* Your assignment *
Would you please copy all of the data exactly, skipping the images?

* Collected material *
┌────────

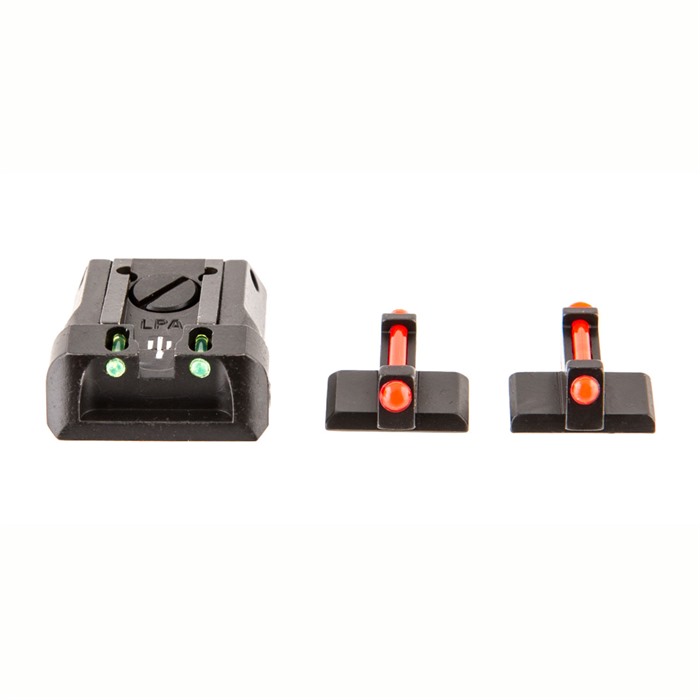 Fusion Firearms / LPA Voll einstellbares Dovetail-Visier-Set in Fiber Optic-Konfiguration. Dieses Hintervisier ist im "Low Profile"-Design gestaltet, was das Verstauen erleichtert und es zu einem grossartigen Ziel-, Kampf- oder Versteckvisier macht. Es ist ein hervorragendes Ersatzvisier, mit dem du den "Point of Impact" (POI) nach deinen Wünschen feinjustieren kannst. Sie werden mit präzise bearbeiteten Komponenten für feine und positive Klickanpassungen hergestellt und sind vollständig für Wind- und Höhenverstellung einstellbar. Die Dovetail-Hintervisier-Basen haben Verriegelungsschrauben, die eine sichere Befestigung im Schlitten-Dovetail ermöglichen. Das Dovetail-Hintervisier hat die Standardgrösse .495 x 65 Grad und das vordere Dovetail hat die Standardgrösse .330 x 65 Grad. Diese Visier sind in Schwarz, Weisspunkt und Fiber Optic-Konfigurationen erhältlich. Sie sind direkte Ersatzvisiere für die beliebten Novak-Visieröffnungen, die bei den meisten modernen 1911-Stil-Pistolen und vielen anderen verwendet werden. Kommt komplett mit flachem Vorder- und Hintervisier, bereit zur Installation.
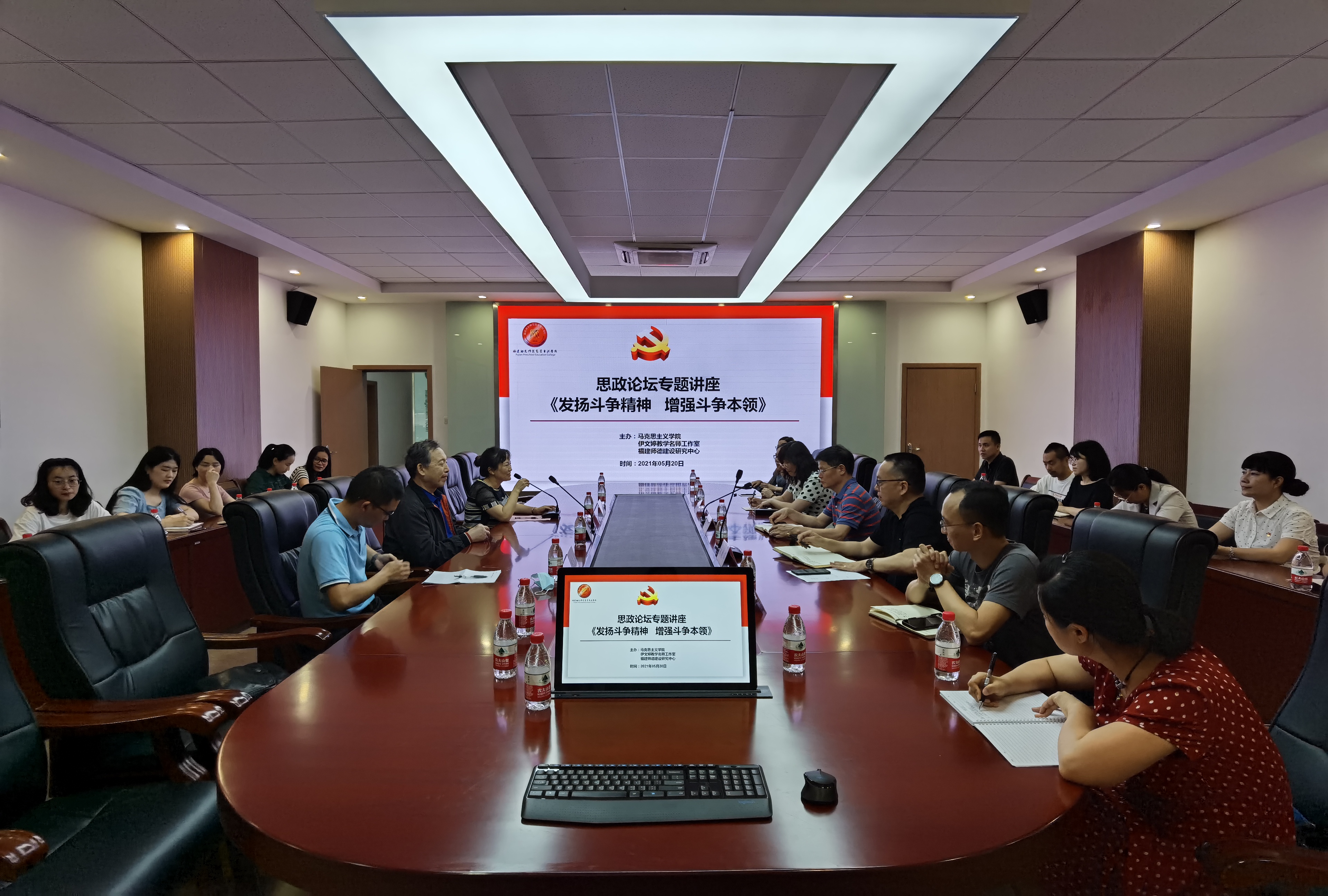 2021年5月20日,马克思主义学院开展党史学习教育党日活动,本次活动邀请了中国社会科学院博士生导师赵智奎教授作客思政论坛,作题为《发扬斗争精神 增强斗争本领》的专题报告。校党委副书记邹雄伟、校纪委书记、校纪委全体干部、各党支部纪检委员以及马克思主义学院全体教师参加。
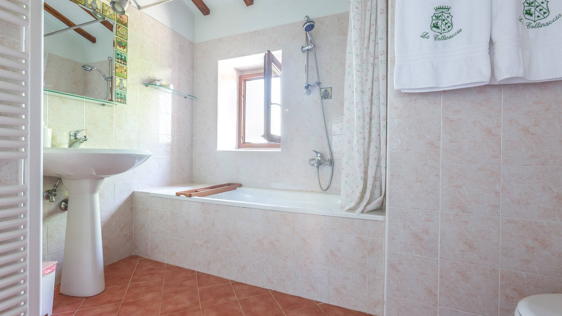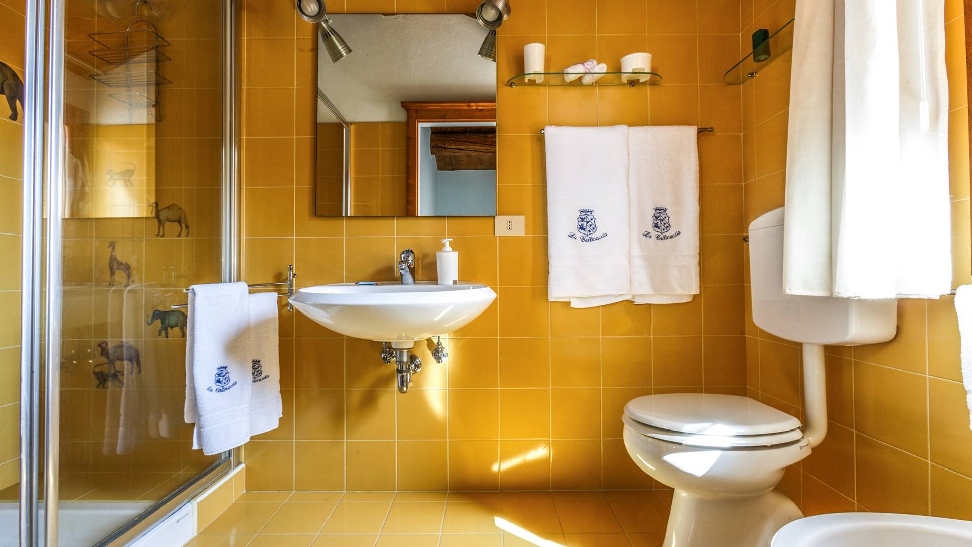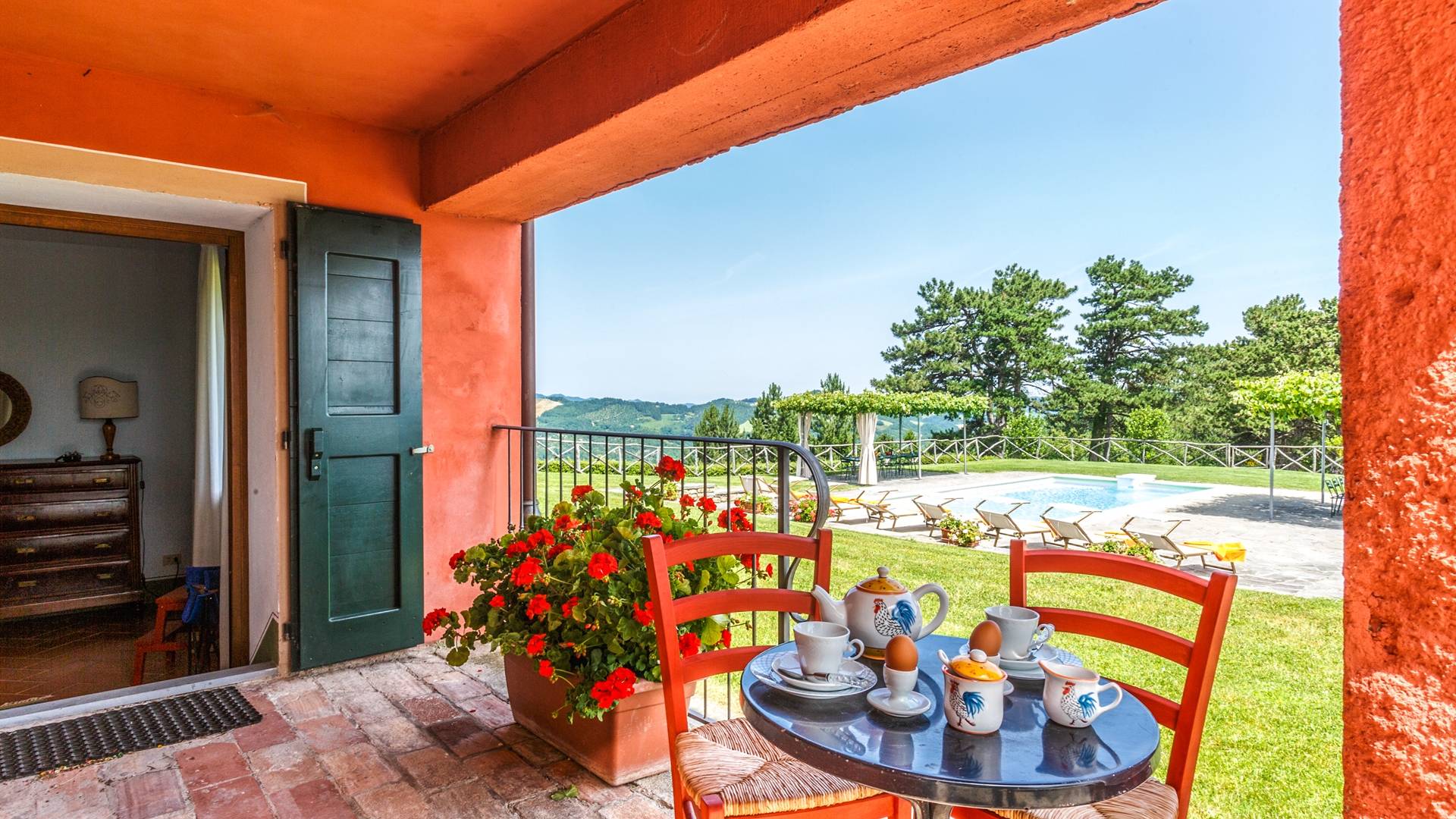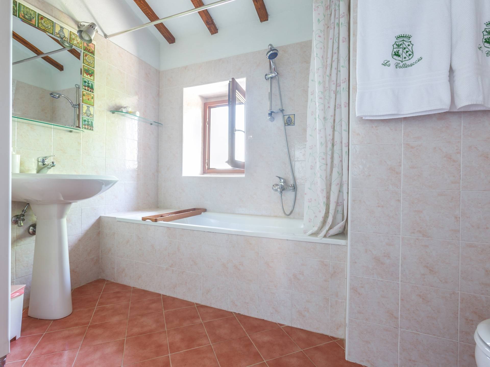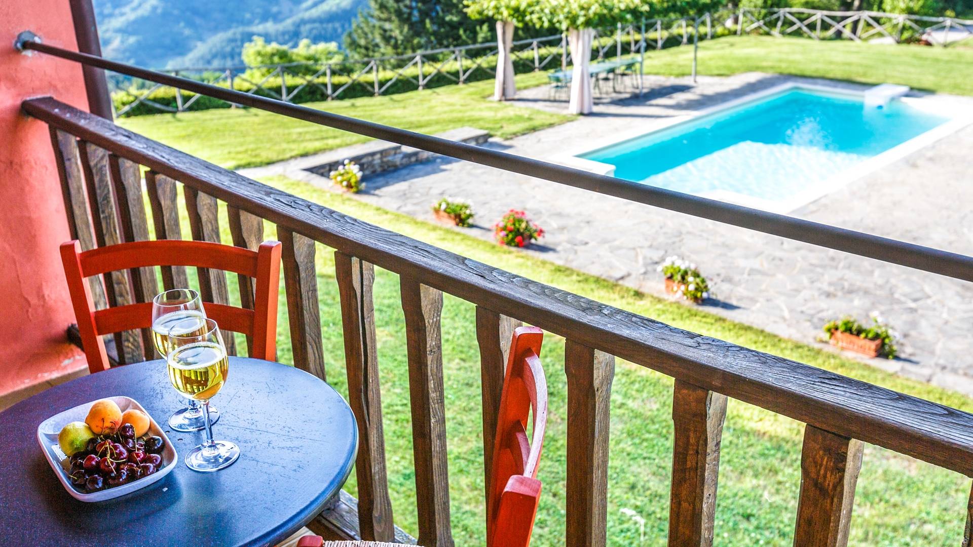 Лавандовые живые изгороди окружают отель, источая в жаркие летние дни дурманящий аромат, который смешивается с цветами герани, которые растут у входа и в некоторых проходах на открытых площадках. Расположение дома гарантирует абсолютную конфиденциальность даже от посторонних глаз. Автостоянка также незаметно скрыта. Вилла является частью отеля, где производят отличные вина, которые станут визитной карточкой каждого пребывания. Внутренне дом похож на типичную тосканскую резиденцию с терракотовыми полами, большими каминами в гостиных, а также цветными диванами и креслами. Многие номера, особенно в спальной зоне, украшены деревянными балками и обставлены старинной мебелью.

└────────

* Answer to this task *
 Fusion Firearms / LPA Voll einstellbares Dovetail-Visier-Set in Fiber Optic-Konfiguration. Dieses Hintervisier ist im "Low Profile"-Design gestaltet, was das Verstauen erleichtert und es zu einem grossartigen Ziel-, Kampf- oder Versteckvisier macht. Es ist ein hervorragendes Ersatzvisier, mit dem du den "Point of Impact" (POI) nach deinen Wünschen feinjustieren kannst. Sie werden mit präzise bearbeiteten Komponenten für feine und positive Klickanpassungen hergestellt und sind vollständig für Wind- und Höhenverstellung einstellbar. Die Dovetail-Hintervisier-Basen haben Verriegelungsschrauben, die eine sichere Befestigung im Schlitten-Dovetail ermöglichen. Das Dovetail-Hintervisier hat die Standardgrösse .495 x 65 Grad und das vordere Dovetail hat die Standardgrösse .330 x 65 Grad. Diese Visier sind in Schwarz, Weisspunkt und Fiber Optic-Konfigurationen erhältlich. Sie sind direkte Ersatzvisiere für die beliebten Novak-Visieröffnungen, die bei den meisten modernen 1911-Stil-Pistolen und vielen anderen verwendet werden. Kommt komplett mit flachem Vorder- und Hintervisier, bereit zur Installation.
 2021年5月20日,马克思主义学院开展党史学习教育党日活动,本次活动邀请了中国社会科学院博士生导师赵智奎教授作客思政论坛,作题为《发扬斗争精神 增强斗争本领》的专题报告。校党委副书记邹雄伟、校纪委书记、校纪委全体干部、各党支部纪检委员以及马克思主义学院全体教师参加。
 Лавандовые живые изгороди окружают отель, источая в жаркие летние дни дурманящий аромат, который смешивается с цветами герани, которые растут у входа и в некоторых проходах на открытых площадках. Расположение дома гарантирует абсолютную конфиденциальность даже от посторонних глаз. Автостоянка также незаметно скрыта. Вилла является частью отеля, где производят отличные вина, которые станут визитной карточкой каждого пребывания. Внутренне дом похож на типичную тосканскую резиденцию с терракотовыми полами, большими каминами в гостиных, а также цветными диванами и креслами. Многие номера, особенно в спальной зоне, украшены деревянными балками и обставлены старинной мебелью.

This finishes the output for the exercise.